──────── Records to process ────────
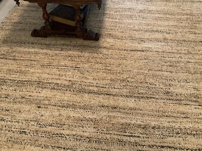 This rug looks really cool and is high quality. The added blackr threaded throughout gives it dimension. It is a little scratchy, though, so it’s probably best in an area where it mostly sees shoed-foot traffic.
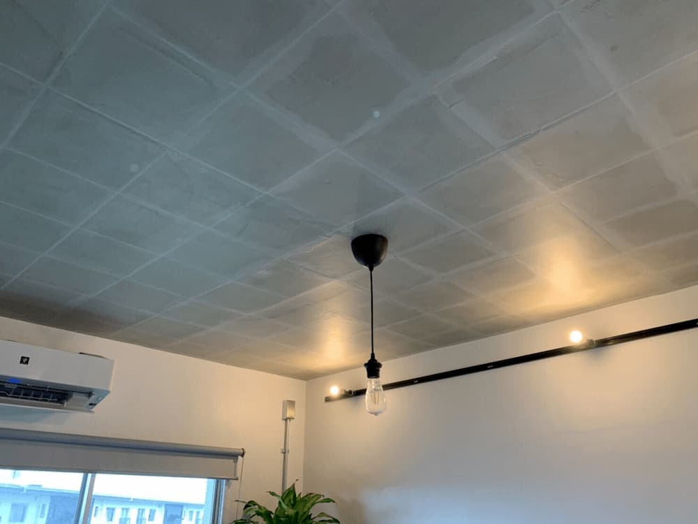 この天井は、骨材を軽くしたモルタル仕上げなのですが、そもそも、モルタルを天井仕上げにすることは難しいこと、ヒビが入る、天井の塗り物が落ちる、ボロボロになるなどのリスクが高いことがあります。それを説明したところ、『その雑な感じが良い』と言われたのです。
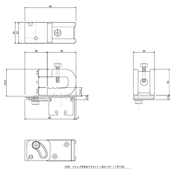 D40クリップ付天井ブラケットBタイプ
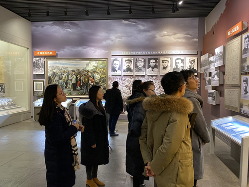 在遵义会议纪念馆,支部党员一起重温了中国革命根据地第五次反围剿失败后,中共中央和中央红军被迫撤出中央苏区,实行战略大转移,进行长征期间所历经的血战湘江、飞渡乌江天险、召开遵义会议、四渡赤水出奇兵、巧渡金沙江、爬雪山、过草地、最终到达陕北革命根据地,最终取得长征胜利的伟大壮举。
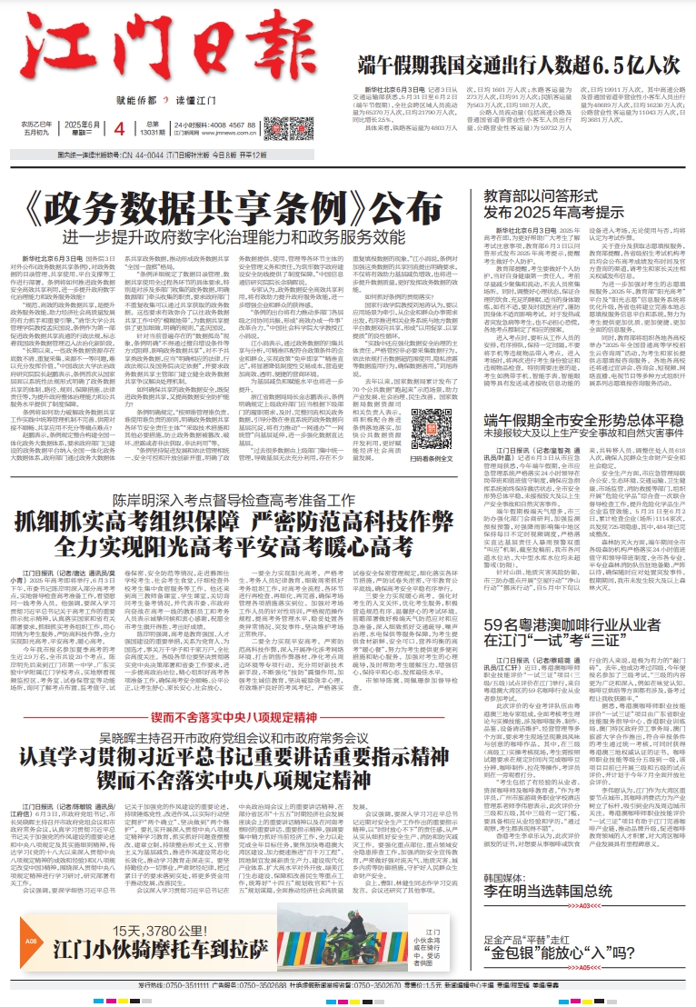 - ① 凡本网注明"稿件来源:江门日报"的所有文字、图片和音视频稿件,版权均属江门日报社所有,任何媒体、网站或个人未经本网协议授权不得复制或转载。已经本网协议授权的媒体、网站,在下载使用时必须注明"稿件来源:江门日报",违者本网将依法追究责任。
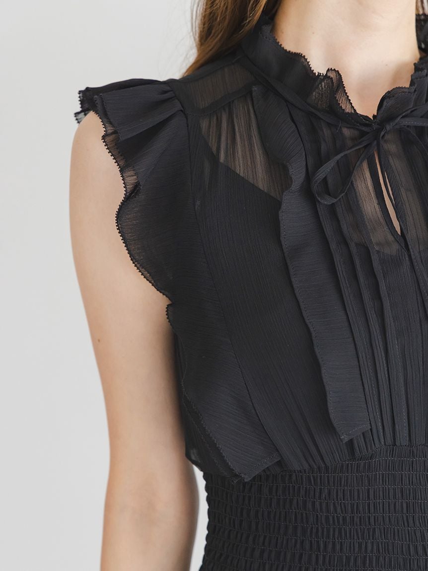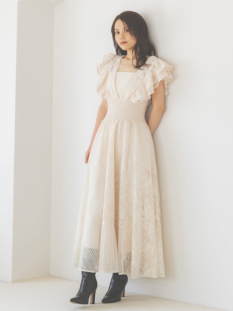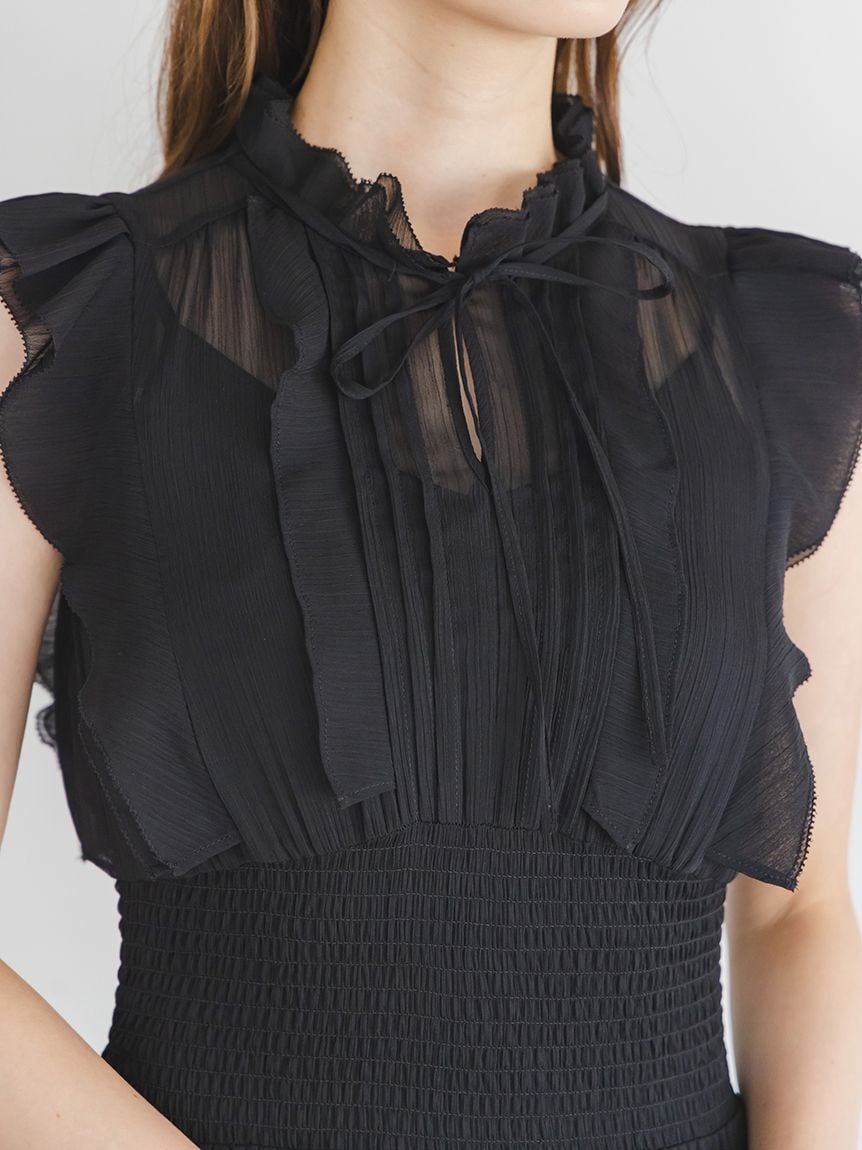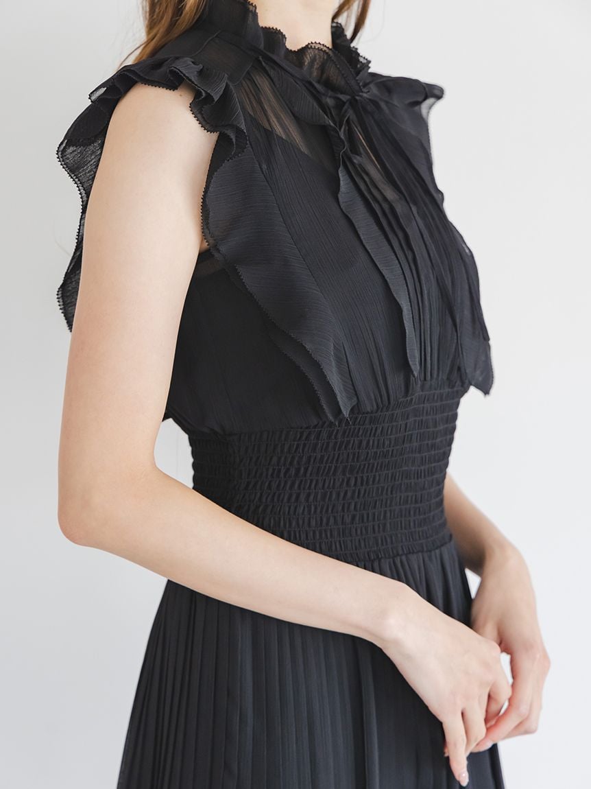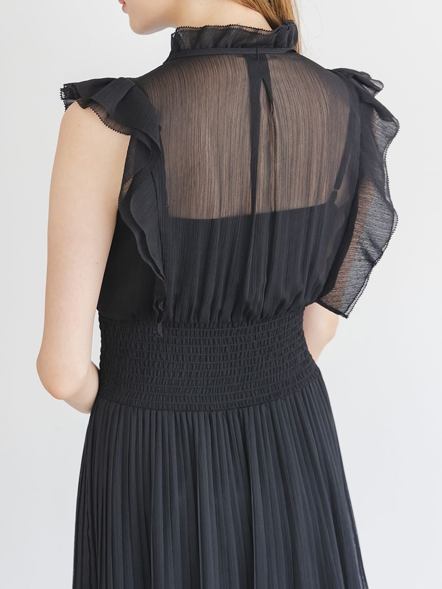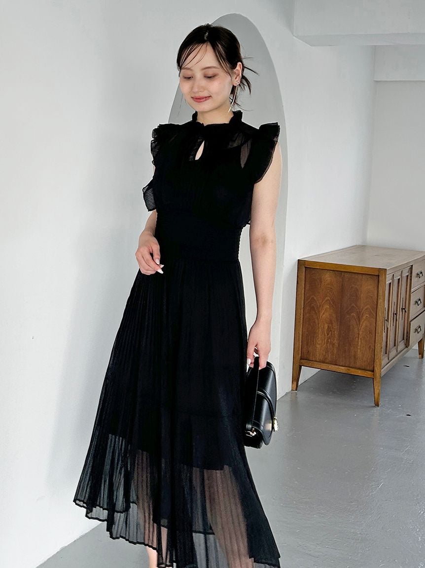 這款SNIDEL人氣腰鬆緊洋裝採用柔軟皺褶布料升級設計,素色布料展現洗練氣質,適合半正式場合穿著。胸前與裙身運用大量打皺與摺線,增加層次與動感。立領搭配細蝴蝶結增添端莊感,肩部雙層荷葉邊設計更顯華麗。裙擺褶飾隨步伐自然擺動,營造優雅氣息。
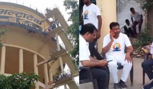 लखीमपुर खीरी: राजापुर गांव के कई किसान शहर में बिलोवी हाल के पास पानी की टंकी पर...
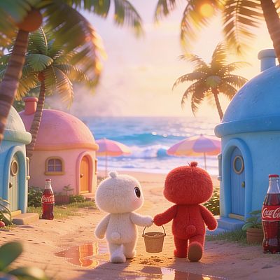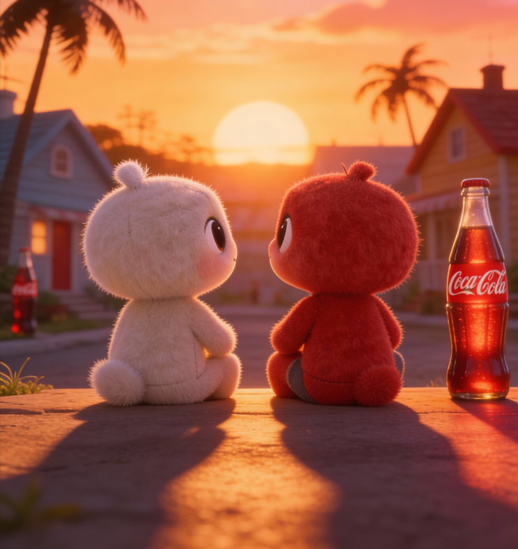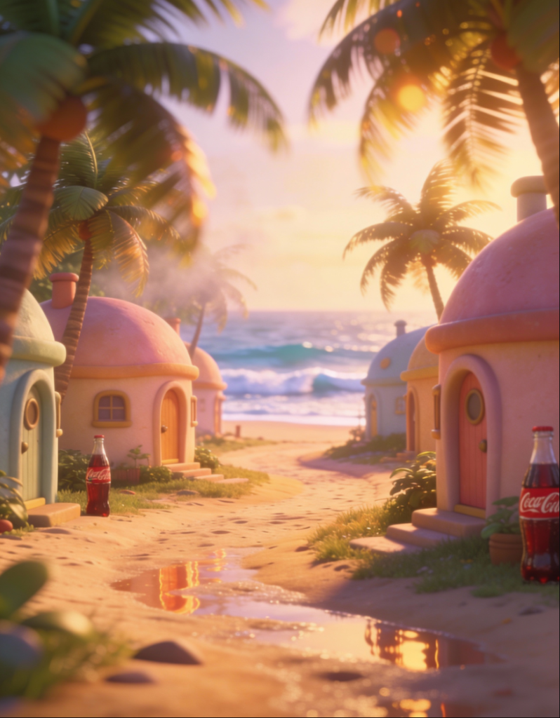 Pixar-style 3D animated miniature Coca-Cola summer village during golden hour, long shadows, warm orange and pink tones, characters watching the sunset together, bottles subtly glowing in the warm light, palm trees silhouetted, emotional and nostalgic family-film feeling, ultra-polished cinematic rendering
────────
Restate the lines above from the one containing "D40クリップ付天井ブラケットBタイプ" through the one containing "लखीमपुर खीरी: राजापुर", inclusive, exactly and without pictures.

 D40クリップ付天井ブラケットBタイプ
 在遵义会议纪念馆,支部党员一起重温了中国革命根据地第五次反围剿失败后,中共中央和中央红军被迫撤出中央苏区,实行战略大转移,进行长征期间所历经的血战湘江、飞渡乌江天险、召开遵义会议、四渡赤水出奇兵、巧渡金沙江、爬雪山、过草地、最终到达陕北革命根据地,最终取得长征胜利的伟大壮举。
 - ① 凡本网注明"稿件来源:江门日报"的所有文字、图片和音视频稿件,版权均属江门日报社所有,任何媒体、网站或个人未经本网协议授权不得复制或转载。已经本网协议授权的媒体、网站,在下载使用时必须注明"稿件来源:江门日报",违者本网将依法追究责任。
 這款SNIDEL人氣腰鬆緊洋裝採用柔軟皺褶布料升級設計,素色布料展現洗練氣質,適合半正式場合穿著。胸前與裙身運用大量打皺與摺線,增加層次與動感。立領搭配細蝴蝶結增添端莊感,肩部雙層荷葉邊設計更顯華麗。裙擺褶飾隨步伐自然擺動,營造優雅氣息。
 लखीमपुर खीरी: राजापुर गांव के कई किसान शहर में बिलोवी हाल के पास पानी की टंकी पर...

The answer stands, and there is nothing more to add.